Ali Engin Yurtsever: TC’nin Agoni Hali ve Sonrası

Yazarlar

Tip literatüründe kısaca “ ölüm öncesi can çekişme” olarak adlandırılan agoni döneminde, kişiye canlılık niteliklerini kazandıran merkezi sinir, dolaşım ve solunum sistemlerinde ağır fonksiyon bozuklukları gelişir ve kişinin bir süre sonra öleceğini gösterir. Ölüme yakın ise ani bir canlanma görülür ancak bu yanıltıcıdır, son canlılık belirtisidir.

Bu bilimsel gerçekliği toplumsal diyalektik yasaları uyarınca yorumlamak istersek karşımıza TC’nin şimdiki devlet mekanizmaları çıkar. TC açısından, bir devlet olmanın gerekliliklerini kaybetmiş, ekonomik yapısının çöküşe geçtiği, iç ve dış politikada yaşanan sıkışıklık, sınırlarının dışında emperyal heveslerle askeri güç bulundurma, hırsızlık ve yolsuzlukta dünya liderliğini ele geçirme vb. gibi belirtilere sahiptir.

Agoni döneminde bulunmaktadırlar. Can çekişen ama ölüm anının hemen öncesinde olduğu için ani bir canlanma belirtisiyle gücünü kaybetmemiş gibi görünen son canlılık belirtileridir.

 Güçlü göründüğünü kanıtlama çabasına uygun olarak bunca baskı, bunca zulüm ve i̇nsanların hayatlarına fırtınayla yüklü kara bir bulut gibi çökmesi bundandır. Bundandır yükselen her itirazın sivil-askeri bütün olanakların kullanılarak görülmemiş vahşetle bastırılmaya çalışılması. Böyle toplumsal çalkanışlar süreklilik göstermez, kırılmaz denilen çark bir yerden kırılır.  

Sömürgeci faşist düzene karşı mücadele edenler, geleceğe dair sözleri ve iddiaları olanlar böyle dönemlerin mücadele açısından bir tarihsel dönüm noktası olduğunu ve bu dönüm noktasının asıl olarak bir devrim durumu olduğunun bilincindedirler.

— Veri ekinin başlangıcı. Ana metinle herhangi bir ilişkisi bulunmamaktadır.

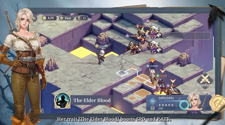 Пассивка увеличивает скорость и физическую атаку. В конце хода Цири может недалеко телепортироваться и снова совершить действие. Также она восстанавливает энергию и уменьшает КД скиллов.
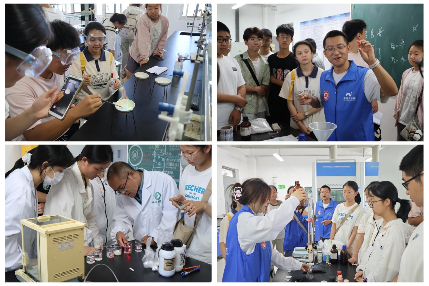 在無機化學實驗室,高霞博士以“點亮化學之光 —— 焰色反應實驗探秘” 為主題,從原子結(jié)構(gòu)與電子躍遷理論出發(fā),解析鈉、鉀等金屬鹽溶液灼燒顯色的科學原理,結(jié)合礦物分析等生活實例,帶領(lǐng)學生領(lǐng)略化學視覺奇觀,實驗師劉萍指導學生完成實驗,辨識不同金屬焰色。有機化學實驗室中,王以壽博士以 “薄層色譜、柱色譜分離技術(shù) —— 色素的高效分離” 為核心,結(jié)合蘇丹紅檢測等科研實例,講解色譜技術(shù)在食品安全等領(lǐng)域的應用,學生在志愿者協(xié)助下體驗染料分離實驗。物理化學實驗室內(nèi),劉永亮博士以牛奶等生活膠體現(xiàn)象為切入點,指導學生制備膠體,觀察丁達爾效應等現(xiàn)象,理解膠體應用價值。化學教學論實驗室里,史景濤博士以橙子等為樣本,帶領(lǐng)學生開展實驗,通過果汁對高錳酸鉀溶液的還原反應,探究維生素 C 還原性及酸度影響,搭建學科認知橋梁。
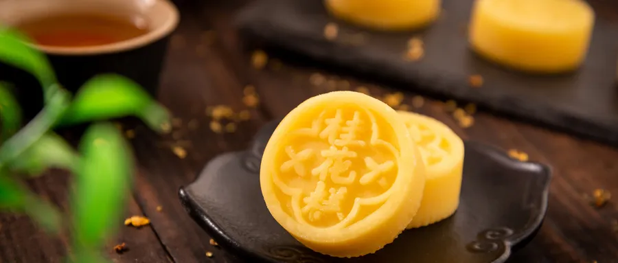 桂林是中国五大桂花产区之一,是全国最大的干桂花产品传统集散地,桂林桂花糕是广西桂林的传统糕点,以当地特产桂花为灵魂,口感清香软糯。主要用糯米粉、白糖和鲜桂花制成,部分配方会加入芝麻或豆沙增添层次。制作时需将桂花糖渍后融入米浆,蒸制后切块,成品呈淡黄色,点缀着金色桂花瓣,兼具花香与米香。其甜度适中,入口绵密,带有独特的桂花芬芳,被誉为“可以吃的桂花”。
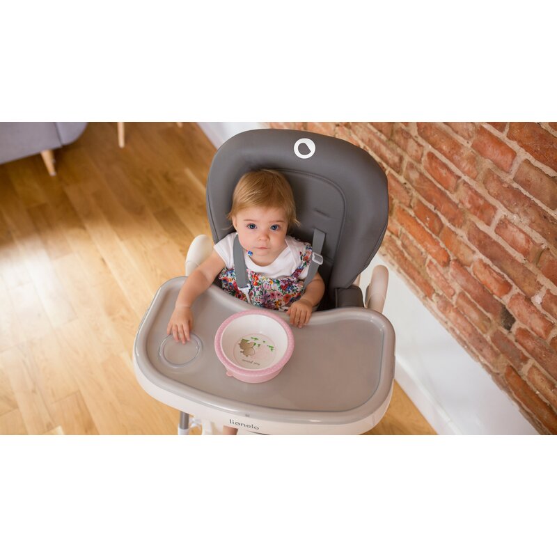 Setul Lionelo Linn Plus include o tava dubla reglabila, a carei parte superioara poate fi indepartata si spalata in masina de spalat vase.
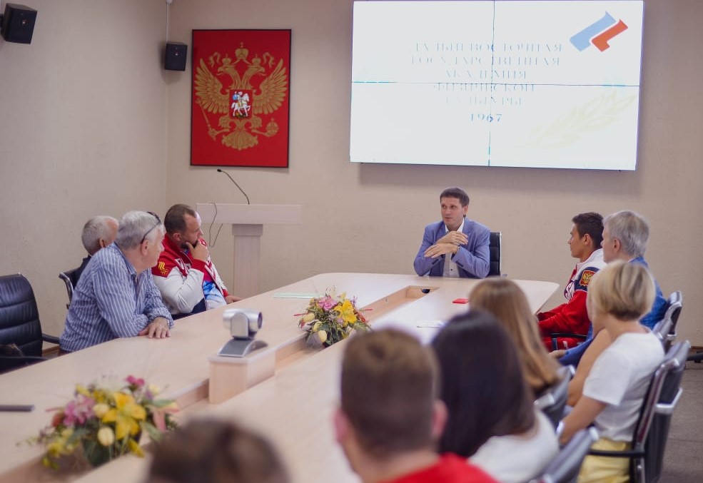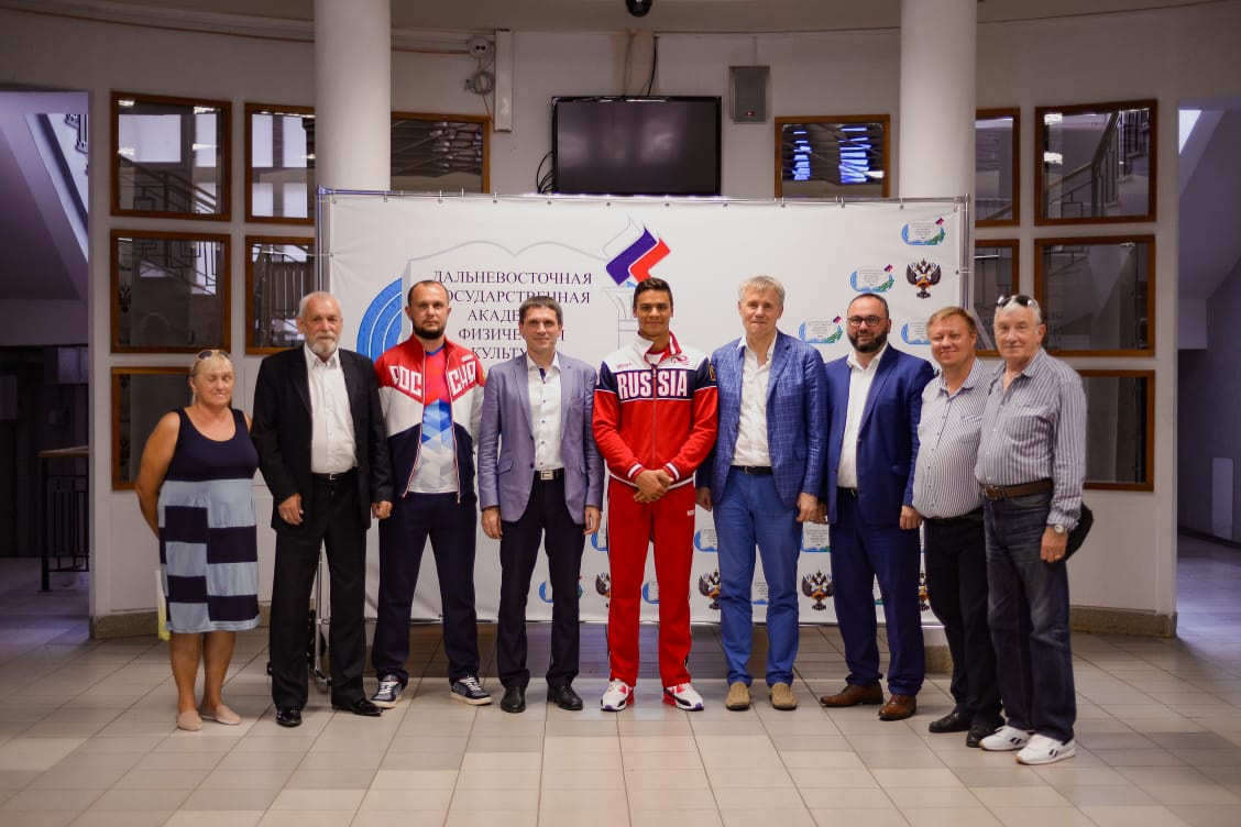 На следующий день именитые гости поучаствовали в торжественном открытии Кубка города по плаванию. После открытия соревнований состоялась встреча с мэром города Хабаровска Кравчуком Сергеем Анатольевичем и спортивным руководством города.
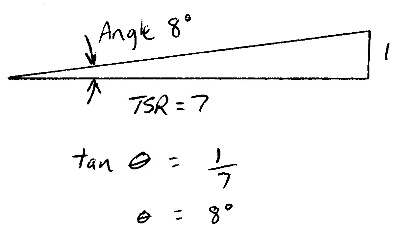Tip speed ratio is the speed at which the tip should travel compared to the wind speed. TSR of 7, the blade calculators have an angle of less than 0.5 degrees, one had it at -0.6 degrees. I think a TSR of 7 is 8 degrees. Am I missing something?

Temel sorun: hem mücadele etmek hem de sosyal ve siyasal sıçrama noktasının kaçırılmadan-bir anlamda-hayat ırmağının olağan akışına devrimci bir şekilde müdahale edip, ezilen kitlelerin taleplerinin de göz ardı edilmeden zaferi elde etmektir. 

 Elbette kağıt üzerinde bedeller ödeyerek zaferler kazanarak düşmanlara diz çöktürmek kolaydır. Örneğin yurtseverlik iddiasında olan ve “devlet kurmak” hayaliyle yaşayan ama pratik olarak nesnel gerçekliği bulunmayanlara soralım: madem TC’nin sömürgeciliğine karşısınız ama neden TC sizlere dokunmuyor da bütün gücünü Kurdîstan Özgürlük Hareketi’nin yok edilmesine harcıyor?

Neden bu yangından bir köz parçası bile ellerinize düşmüyor? İşte aylardır süren kuşatma ve hazırlık sürecinin sonuna gelindi, yakında TC destekli bir sürecinin ürünü olan savaş başlayacaktır. Safınız kimin yanındadır? İşte, devlet kurmak istediğiniz Kurdîstan sömürgecilerin ve işbirlikçilerinin ayaklarıyla çiğneniyor, hiç mi onurunuz kalmadı?

Madem Kurdîstan Özgürlük Hareketi doğru bir çizgiye sahip değil, düşün önümüze, karşı koyun sömürgecilere ve işbirlikçilerine, doğru çizgiyi gösterin. Bunları yapamıyorsanız en azından susmayı deneyebilirsiniz, her gün onlarca bedel ödeyen yurtsever harekete karşı sessizce olsa bile saygı gösterebilirsiniz.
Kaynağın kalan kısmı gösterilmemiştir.